I was able to fix it by doing the following:

  • Select the appropriate network name from the drop down, in this case “Airport Extreme”
  • On the next page, all that transfers is “Airport.”
  • If you manually type in the rest to match your SSID exactly, “Airport Extreme,” type in the password and press connect it worked.

Still, this is something that Satechi should definitely fix in their next firmware update.

Disabling the Router

The really, really nice thing is it’s possible to disable the router function if there’s no need for it. This requires logging into the user administration and then going into the advanced section. After navigation to Wireless Settings > Basic, there will be a button for WiFi Off. Hitting this button disables router functionality but the indicator light will still remain on, though it won’t flash nearly as much. The only way to turn this back on to is hit the reset button.

I was able to turn it off but if you’re doing this in the hopes of killing the indicator light completely so you won’t have to sleep in a disco nightclub, fat chance. You’re better off covering the light with a shirt or some duct tape. Unplugging it is another option but it will only ensure that the phone will have no juice in the morning.

Getting into the thick of it. (Placeit)

Getting into the thick of it. (Placeit)

It also has a nice advanced interface, which is only available once the connection is completely setup, for users used to tinker with on their router. However, its initial admin is set up in a way that’s super simple for anyone to easily get up and running, and includes changing the network name and password. (It will, however, disconnect you, if you change it. Duh.)

The settings are stored in the adapter if it needs to be unplugged and replugged.
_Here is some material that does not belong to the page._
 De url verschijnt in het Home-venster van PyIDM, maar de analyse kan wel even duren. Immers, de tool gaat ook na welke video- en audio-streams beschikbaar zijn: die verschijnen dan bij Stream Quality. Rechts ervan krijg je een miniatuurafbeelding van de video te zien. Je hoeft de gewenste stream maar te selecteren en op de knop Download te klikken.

The only time that it needs to be set up again is if it can’t find the network or if the hotel doesn’t support it.

Final Thoughts

I have also found it to be a great device at home, not to say that’s the reason to buy it for. I’ve also found I can easily hook up my iPad cord and Micro USB cord to it to charge my tablet and phone simultaneously. At the same time, I’ve stuck my nightstand lamp into it—it’s possible to do U.S. to U.S. pins after all!—and have stuck it into the bottommost plug of a two-outlet station near my bed. In short, I’ve managed to use one plug for three devices. (I don’t encourage anyone to do this to be careful lest you short out an outlet or device!) Amazing!
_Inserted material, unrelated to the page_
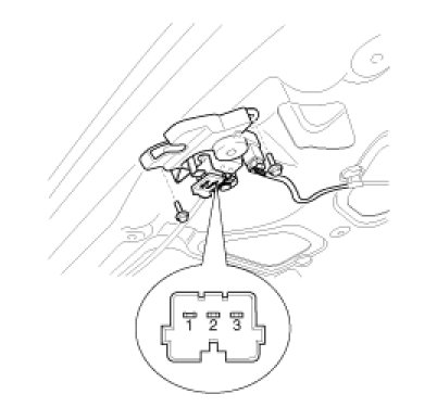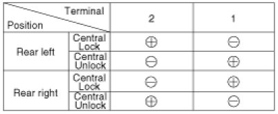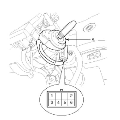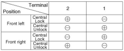 4. Check for continuity between the terminals in each switch position when inserting the key into the door according to the table.
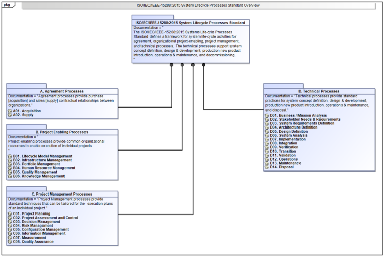 MBSE enhances the ability to capture, analyze, share, and manage authoritative information associated with the complete specification of a product compared to traditional document-based approaches. MBSE provides the capability to consolidate information in an accessible, centralized source, enabling partial or complete automation of many systems engineering processes, and facilitating interactive representation of system components and behaviors. The legacy SE&M materials are all impacted by the adoption of MBSE practices, and the SEBoK is updating its materials accordingly to reflect best practices and principles in an integrated model-based engineering environment. The updated materials to specify system behavior and structure characteristics with traceability to the associated requirements are organized in accordance with the ISO/IEC/IEEE-15288:2015 Systems Lifecycle Processes Standard shown in the figure below.

It’s also possible to use it as a traditional wireless router and include hardwired Ethernet connections through it. Most people won’t find that this to be a big deal since they most likely already own a router at home but I guess it’s great for me, because my home is on the road. Otherwise, I usually prefer to live by myself, sans roommates, and it’s often hard justifying the cost of a router for all of my four hungry children (desktop, laptop, iPad, cell phone).